• [WHAT THIS TASK INVOLVES] Would you repeat each line below exactly, without the pictures?

GIVEN INFORMATION START

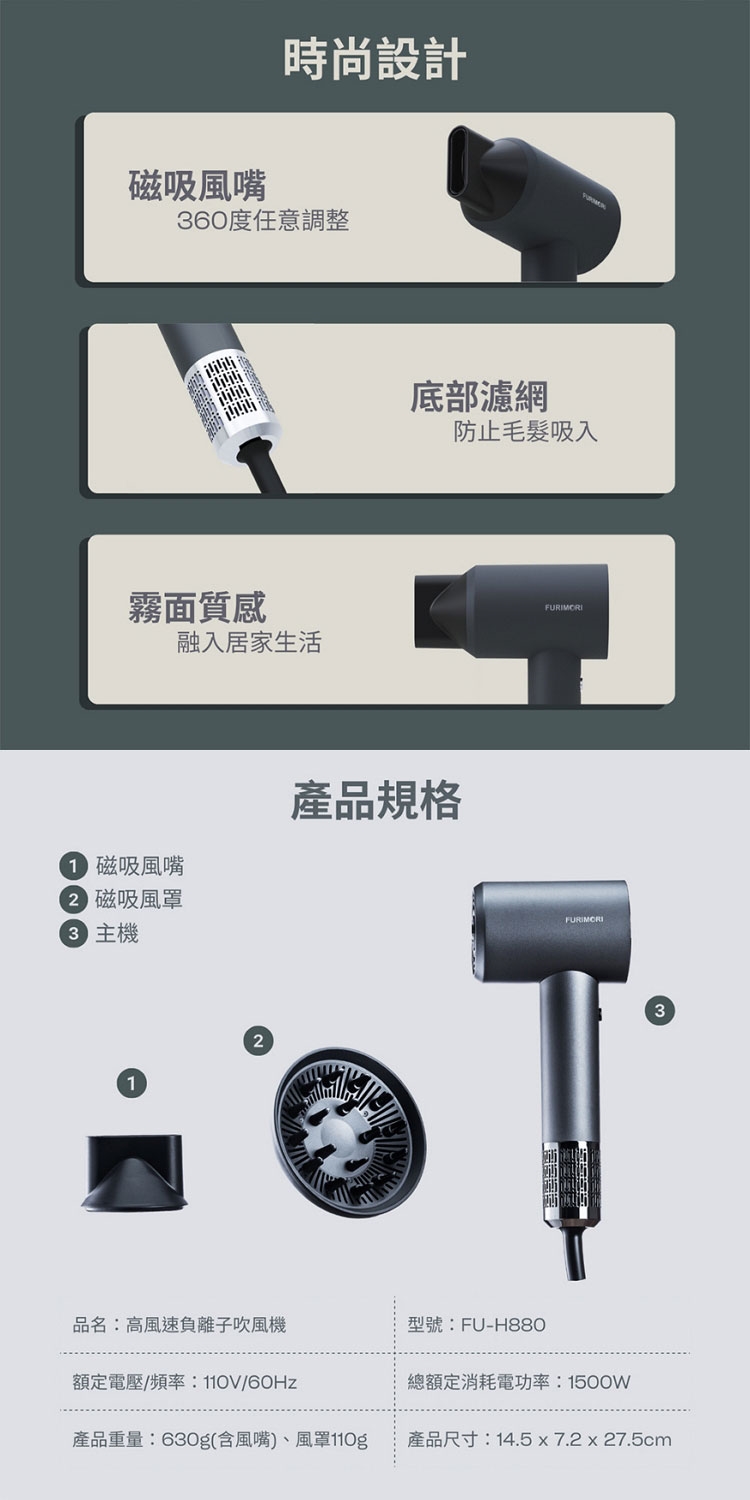 ★ 磁吸式風罩+風嘴,可輕鬆更換或轉動吹頭
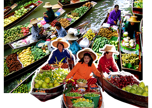 到處可見戴著斗笠婦女搖槳緩緩前進,錯落在綠色的運河上,這是最接近泰國人水上傳統生活型態的回顧;沿岸您可一路吃喝買玩、小吃、水果,四周商店上百家,您可慢慢挑選看看有無喜愛又物美價廉的寶貝。
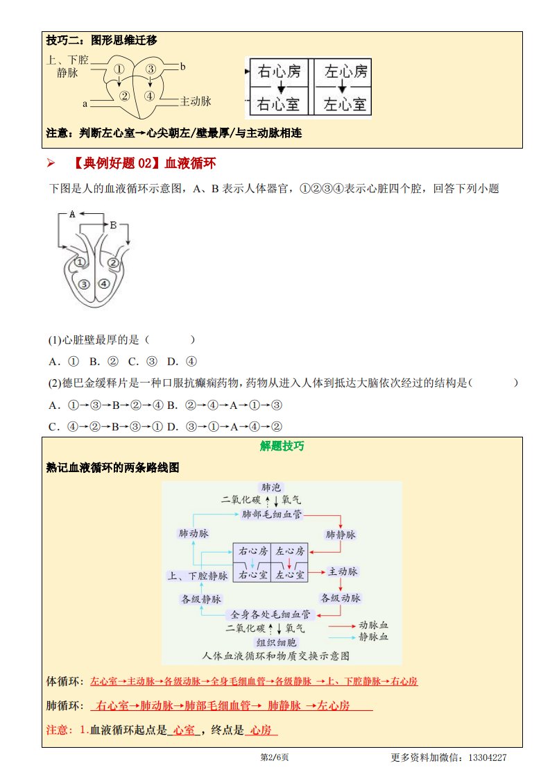 【七下人教生物】压轴题07 心脏及血液循环(含答案)QXSWRJ-0103

GIVEN INFORMATION END

• [RESULT OF THE EXERCISE]
 ★ 磁吸式風罩+風嘴,可輕鬆更換或轉動吹頭
 到處可見戴著斗笠婦女搖槳緩緩前進,錯落在綠色的運河上,這是最接近泰國人水上傳統生活型態的回顧;沿岸您可一路吃喝買玩、小吃、水果,四周商店上百家,您可慢慢挑選看看有無喜愛又物美價廉的寶貝。
 【七下人教生物】压轴题07 心脏及血液循环(含答案)QXSWRJ-0103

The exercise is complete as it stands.